Мама замешкалась с ответом. Я повторила вопрос.

— Это значит что ты милая, хорошая девочка.

— Только? — сказала я разочарованно.

«Вы обаятельны» не было записано в заветную тетрадь, и я забыла об этом. На другой день мы с Борисом не только примирились, но он положитель­но зачаровал меня.

Забравшись с ногами на кушетку, с тетрадкой и карандашом, он заставлял меня позировать и быст­ро зарисовывал то с большим бантом, то с распу­щенными волосами, то с косой, анфас и в профиль, стоя, сидя и так без конца. После каждого сеанса я бросалась, также с ногами на кушетку, впивалась в рисунок, восторженно вскрикивала:

— Борис, ведь это я! Я! И опять, и опять.

Борис остался до конца своей жизни моим ры­царем, и быть может, я очень охотно приняла бы его перчатки, но его чудовищная ревность оскорбляла, угнетала меня чрезмерно.
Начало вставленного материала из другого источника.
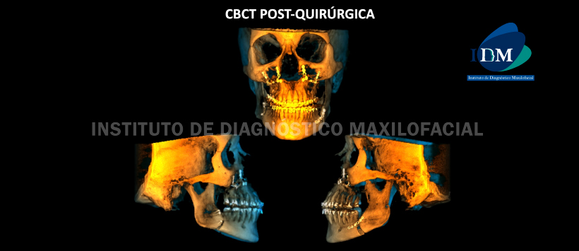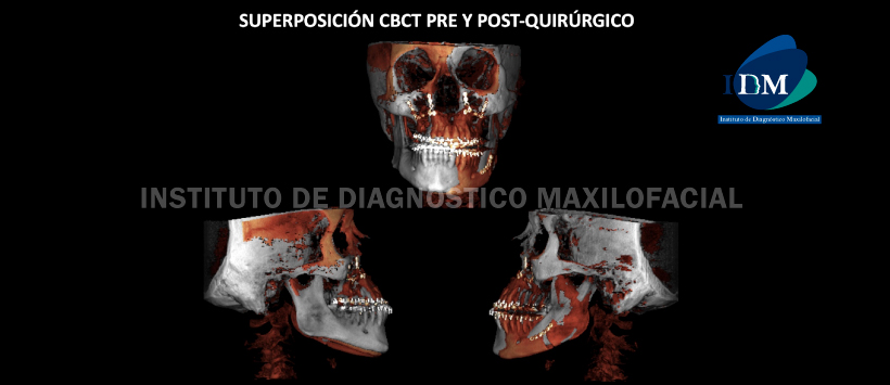 La tomografía volumétrica (CBCT) post-quirúrgica inmediata (Figura 8) de macizo cráneo facial y la superposición con la tomografía pre-quirúrgica (Figura 9) muestran las correcciones de las deformidades maxilofaciales concretadas en las zonas de no superposición (color gris para la posición inicial y color naranja para la posición final.

Чем мы становились стар­ше, тем меньше и меньше мне хотелось с ним встре­чаться. Первая тетрадка его набросков, первое вдохновение мальчика-самородка, крупнейшего та­ланта в будущем, и печальный конец его короткой жизни — всему была причиной я. Сейчас я уже ста­руха, но эта рана всегда кровоточит. Но об этом в свое время.

Письмо четвертое

Первые шаги в школе жизни

 

На девятом году жизни со мной случилось то, что взрослые относят к «непредвиден­ным обстоятельствам», которые налетают на Вас неожиданно, требуют безоговороч­но подчинения, посягают на Вашу свободу и навязывают Вам то, что вовсе Вам не нужно, нежелательно.

Мои „ непредвиденные обстоятельст­ва" навсегда захлопнули двери моего золо­того детства и явились первыми ласточка ми обязательств со всеми их последствия­ми, а также и способствовали росту, про­явлению тех внутренних импульсов нашей сущности, которые свойственны человеку с малых лет. Итак, я поступила в подгото­вительный класс школы-жизни.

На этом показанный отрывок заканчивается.